Household disposable incomes rose 7.1 per cent last year, Notice this at your place, did you?
It's not a facetious question. It can be hard sometimes to recognise ourselves in the midst of statistics about us. They are seldom set out like maps with helpful wee arrowed signs on them saying "you are here".
Whether you received your share of that income rise is something you'll have your own view on. But there's the figure anyway and it's an impressive one. Be aware, for what it's worth, that the forecast increase for coming years is 4 per cent.
Treasury's pre-election fiscal update depicts a recovery weaker than the May budget forecast, but still a happening thing.
Treasury says the economy is "growing strongly" and expected to keep doing so. Rather than proclaiming "See? See?" the Government finds itself in cautionary mode. We're still tracking well but on slippery underfoot conditions.

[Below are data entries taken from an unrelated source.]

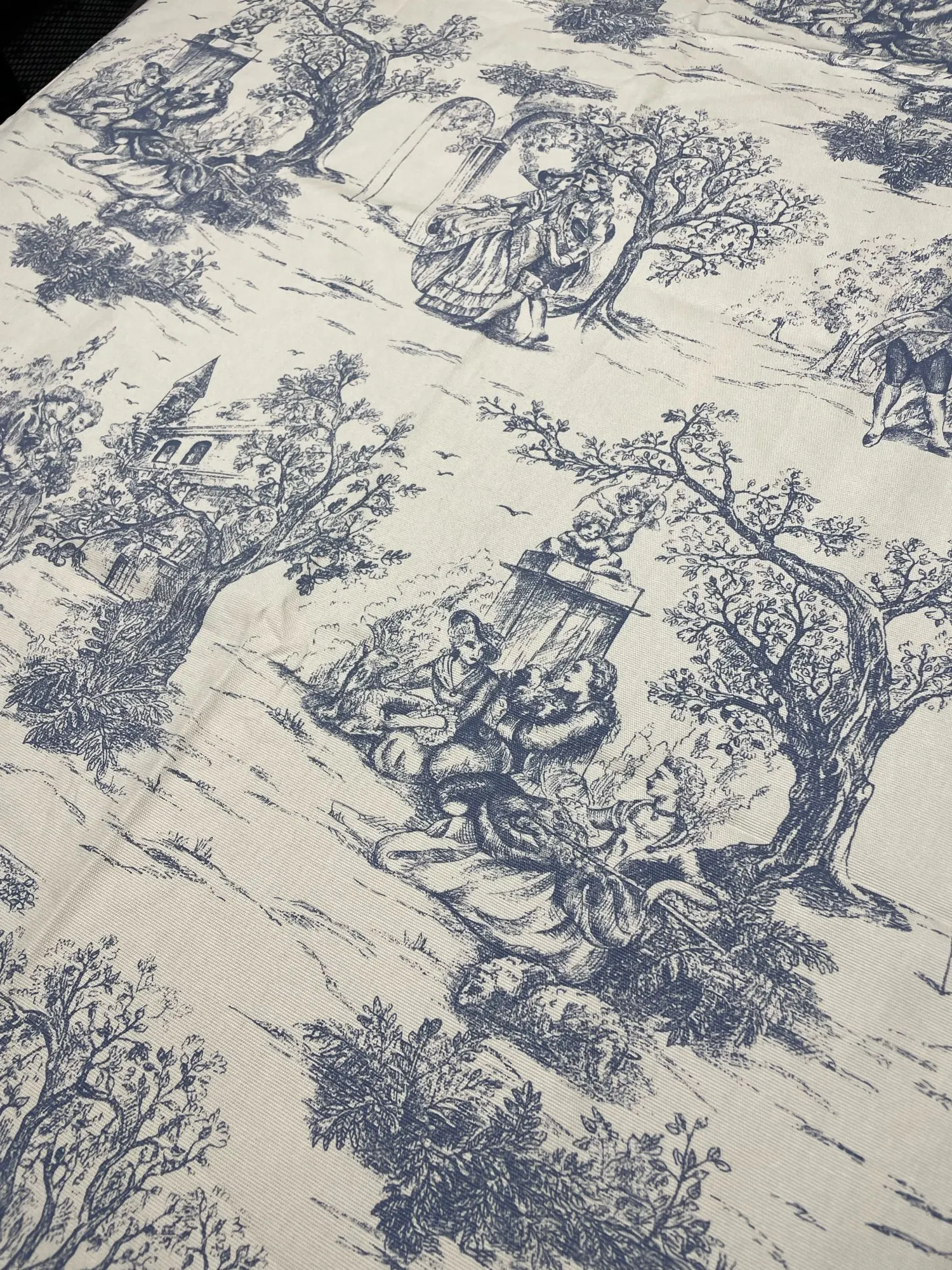 Nappe rectangulaire pour Table de cuisine française, Vintage, peinture à l'encre bleue, toile de pique-nique pour Photo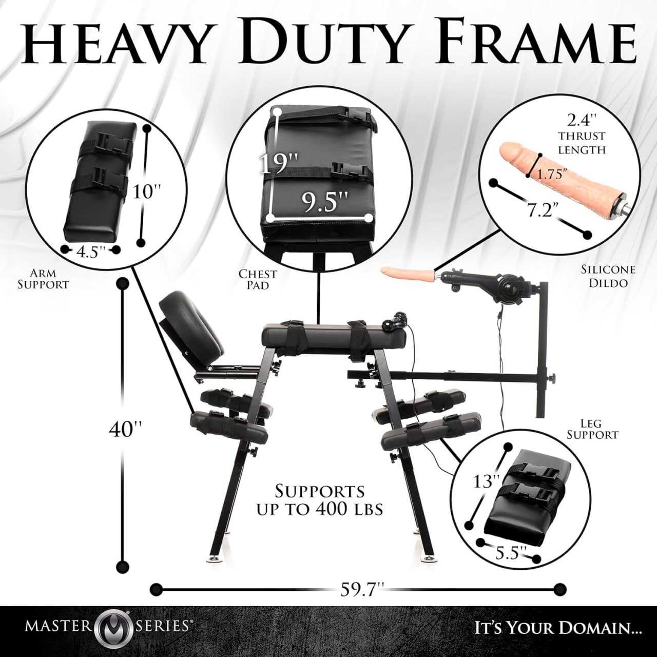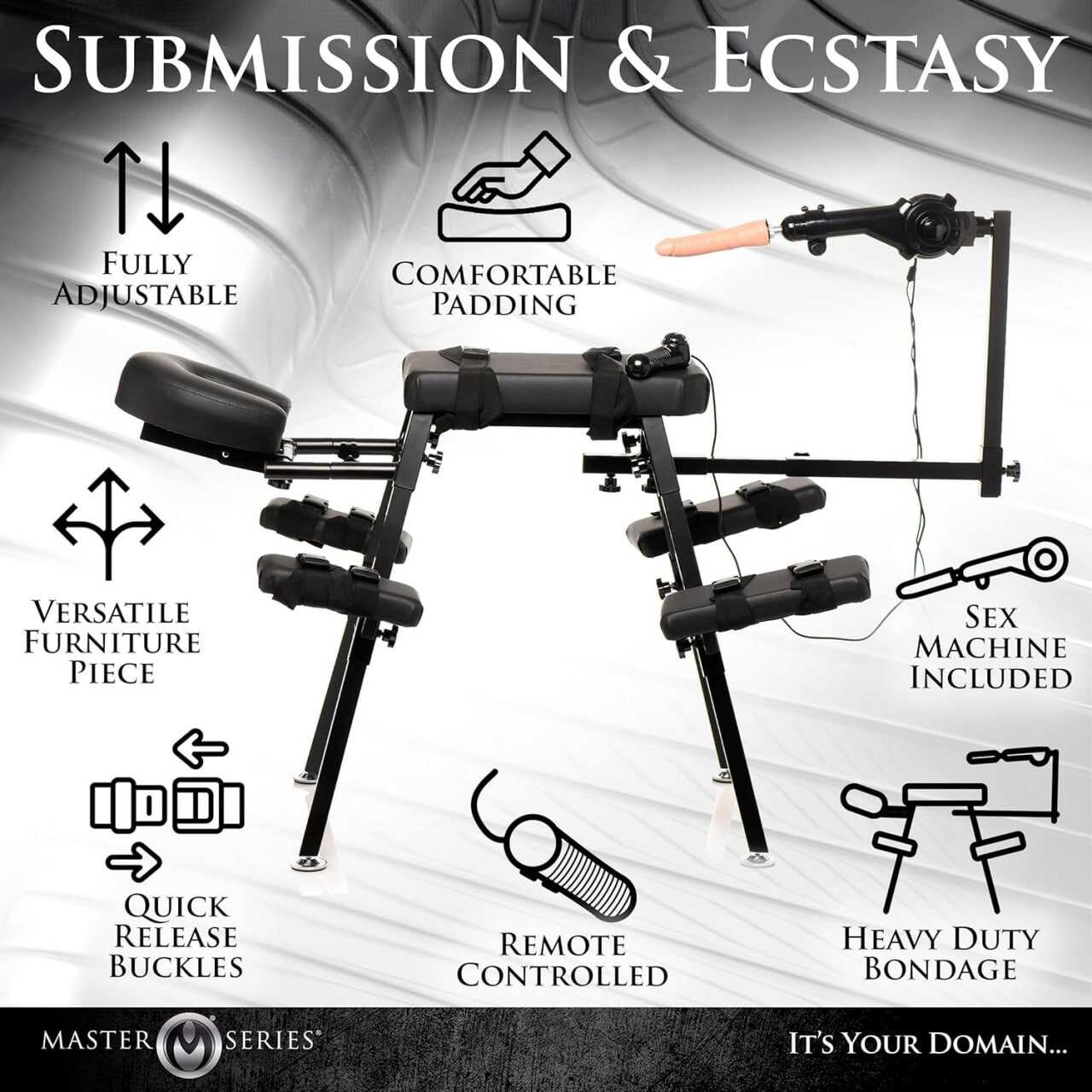 MASTER SERIES Obedience Bench with Sex Machine for Men, Women, & Couples. Adjustable & Ergonomic, Heavy Duty Design, Remote Controlled Multi Speed Sex Machine with Silicone Dildo. Black.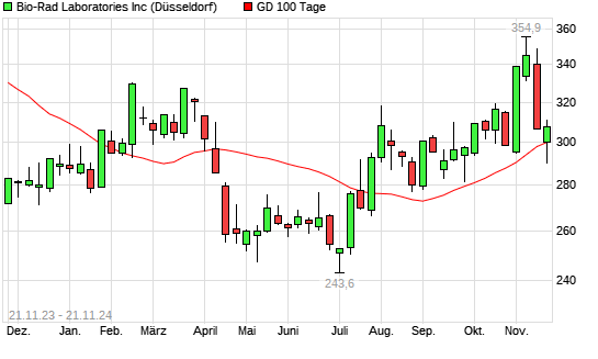 Mit dem Anstieg auf 300,90 EUR hat die Bio-Rad Laboratories-Aktie am 20.11.2024 die 100-Tage-Linie nach oben gekreuzt.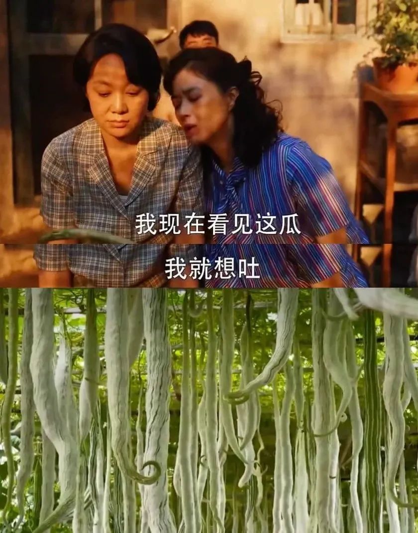 在剧中,因为家里有长身体的娃,粮食定量都不够吃,于是黄玲去找人要来了蛇瓜的种子。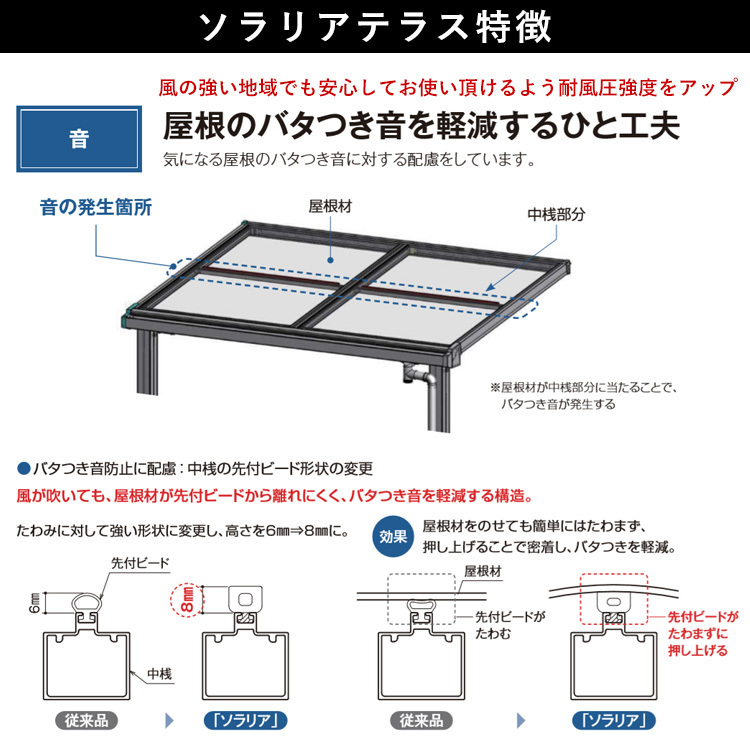 | 説明 | YKK APアルミテラス屋根シリーズ ソラリア ■安心の基本性能 ・雨や風の強い地域でも安心してお使い頂ける耐風圧性能 ・風による屋根のバタつき音を軽減 ■優れた施工性でDIYにもオススメ ・屋根は全スパン下から施工 ・使用するねじは4種類のみ 新築/新居の外構工事の施主支給品として 今住んでいるお家(住宅)にあるベランダ屋根の交換/リフォーム ウッドデッキに設置して天気に左右されない 子供の遊び場やアウトドア・BBQ、憩いのスペースに |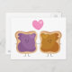 Manteiga de amendoim e geleia adoram cartão postal - manteiga de amendoim e geleia no pão, de mãos dadas com um grande coração rosa sobre elas.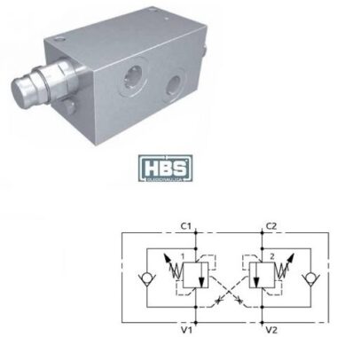 La valvola permette il flusso libero da V1>C1 o V2>C2 e il controllo nel verso opposto tramite l’azione della pressione di pilotaggio. Assicura il blocco del carico con distributore in neutro o a pompa ferma (trafilamento max. 5 gocce/min) e permette di scaricare un picco di pressione se la spola del distributore è a centro aperto. Tarare ad almeno 1,3 volte la pressione massima indotta dal carico. Eventuali contropressioni sullo scarico aumentano la pressione di taratura e di pilotaggio richiesta per pilotare la valvola. Sulla linea di pilotaggio una strozzatura unidirezionale regolabile permette di smorzare il pilotaggio della valvola.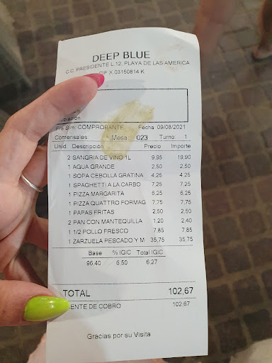 During my recent visit to Deep Blue Restaurant, I encountered several issues that significantly detracted from the dining experience. The quality of the food was subpar, failing to meet expectations or justify the price point. My girlfriends “rare” steak was well done and inedible and too tough to chew with little to no taste. The only way I can explain the taste of my burger was that the patty tasted like dog food and extremely processed and dry. Unfortunately, the situation was exacerbated by the owner’s response, which was dismissive and lacked accountability, offering no solution to the concerns raised. The only positive was the friendly waiter and good sangria, other than that I would recommend avoiding this restaurant at all costs!!! If you take a further walk up the path you will have better cheaper options. We have tried a few restaurants in that area which have been a really good experience. Avoid avoid avoid!!!!!!!! To conclude this review – if you want a bad experience with horrible tasting food, this would Be The perfect restaurant for that and they are more than happy to take your money with no...
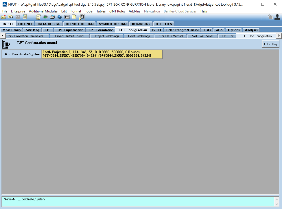 The CPT Box Configuration table stores the information related to the MIF Coordinate System.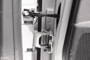 铰链起到固定作用,限位器有限制车门打开角度的作用。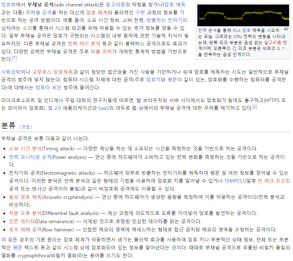 사실 엄밀한 의미의 물리적 해킹 기법은 부채널 공격과 같은 걸 말함. 이론상 사회공학적 해킹 기법 다음으로 강력한 공격방법인데, 전력 소모량 측정해보니까 비밀번호 q1w2e3r4! 이네 하고 관측하는 거. 정보보안 시험볼때 물리적 해킹이라고 하면 이런걸 뜻함 ㅋㅋ 공부할때 느꼈던건데 정상적인 암호 해독 알고리즘으로 분석하는 방법은 최약체더라 | 25.01.17 16:51 | | |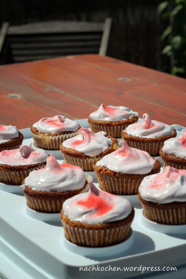 Das Rezept habe ich aus 130 Gramm Liebe (sehr zu empfehlen!) Allerdings reicht die angegebene Menge für mehr als 12 Cupcakes. Ich würde schätzen Mindestens 30. Also seit gewarnt 😉 Oder sucht im Netz nach einer alternative. Auch ein Standrührgeräht ist sehr zu empfehlen, außer man hat sehr gute Oberarme. Wichtig hierbei ist auch ein Zuckerthermometer.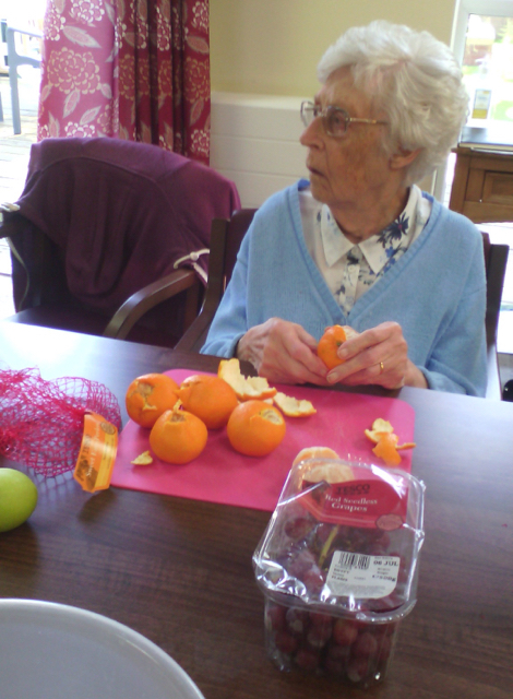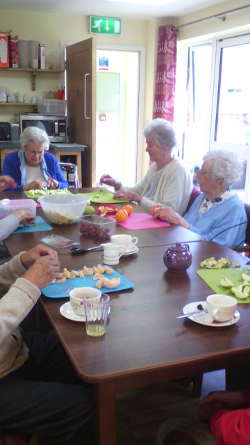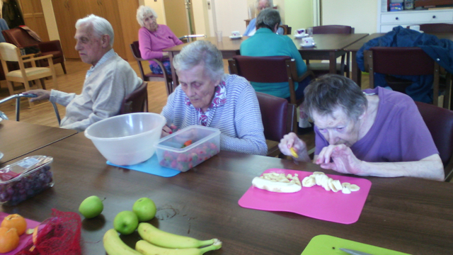Preparing food for yourself and others is a great way to keep busy and spend time catching up with others at the table over a cuppa. The fruit salad was served as an afternoon snack and it was lovely!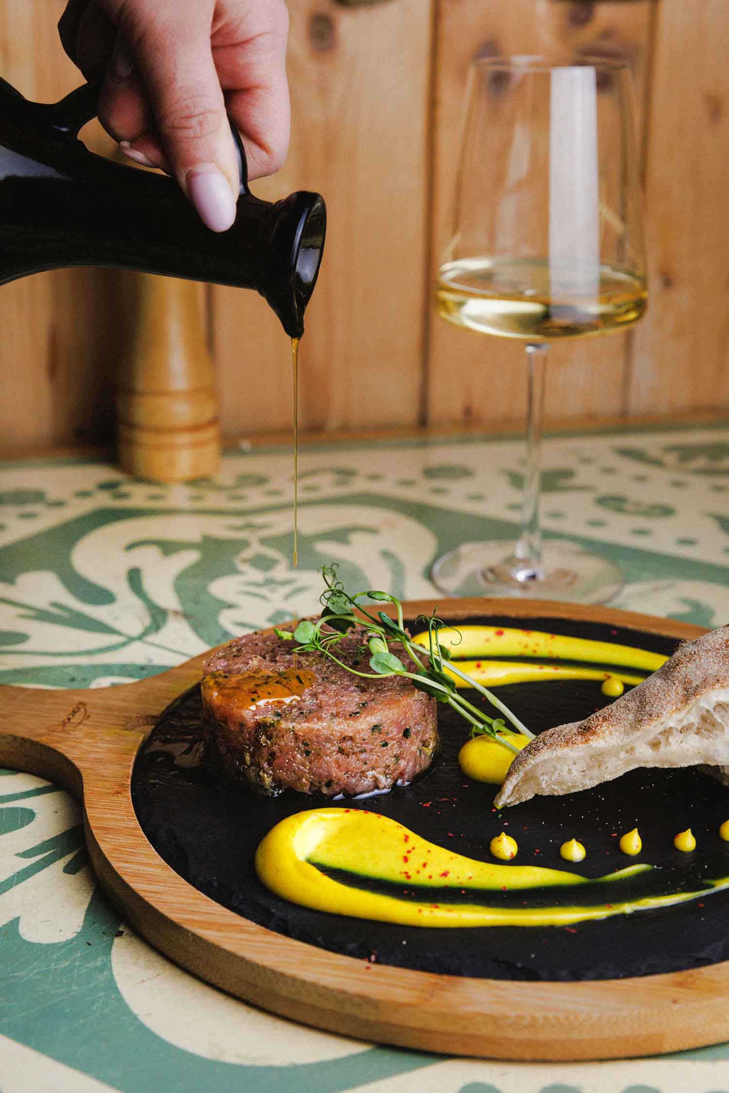 Sitno sjeckana sirova tuna, maslinovo ulje, sok limete, kapari, peršin, aioli majoneza
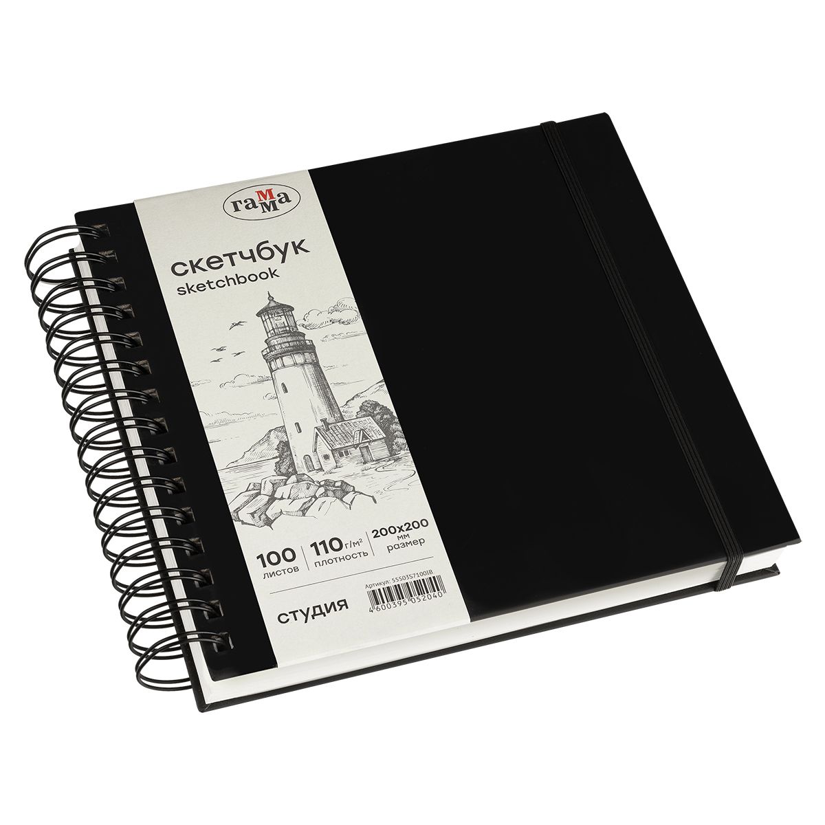 Скетчбук 100л., 200*200 Гамма "Студия", на спирали, черный, твердая обложка, на резинке, слоновая кость, 110г/м2
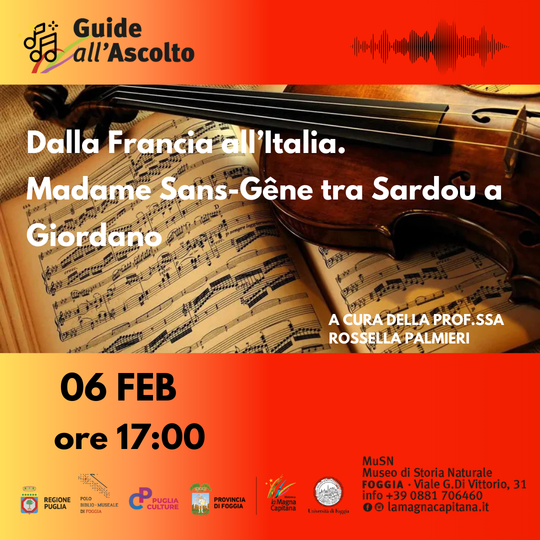 Venerdì 6 febbraio 2026, alle ore 17.00, nella Saletta Conferenze del Museo di Storia Naturale (viale Giuseppe Di Vittorio, 31), si terrà l’incontro Dalla Francia all’Italia. Madame Sans-Gêne da Sardou a Giordano, dedicato al celebre compositore foggiano Umberto Giordano, protagonista del verismo musicale.

For all its intimations of tax cuts to be announced after the election, National is characterising itself as a model of virtuous restraint compared to the billion-here billion-there Opposition spending plans.
Labour pledges to raise close on $5 billion more in revenue during the next four years, to which National retorts the cold reality would be higher taxes and debt, leaving the nation's finances arthritic when what's needed is yoga-supple flexibility to adapt to whatever fresh challenges may lie ahead.
That caution may resonate in the south, given the steep decline in export prices, especially dairy. But this comes off a strong position and is well within the cyclical norm, though it may have arrived impolitely early as far as the national budget is concerned. And our trading partners should still be able to afford our produce.
Other parties' spending intentions will inevitably be hectored by the Government for plausible evidence of where the money will come from. Labour's embrace of capital gains tax? The Greens' new top tax rate of 40 per cent on income over $140,000 to be redistributed to the poor? These are legitimate battlefield issues. Clean politics, if you like.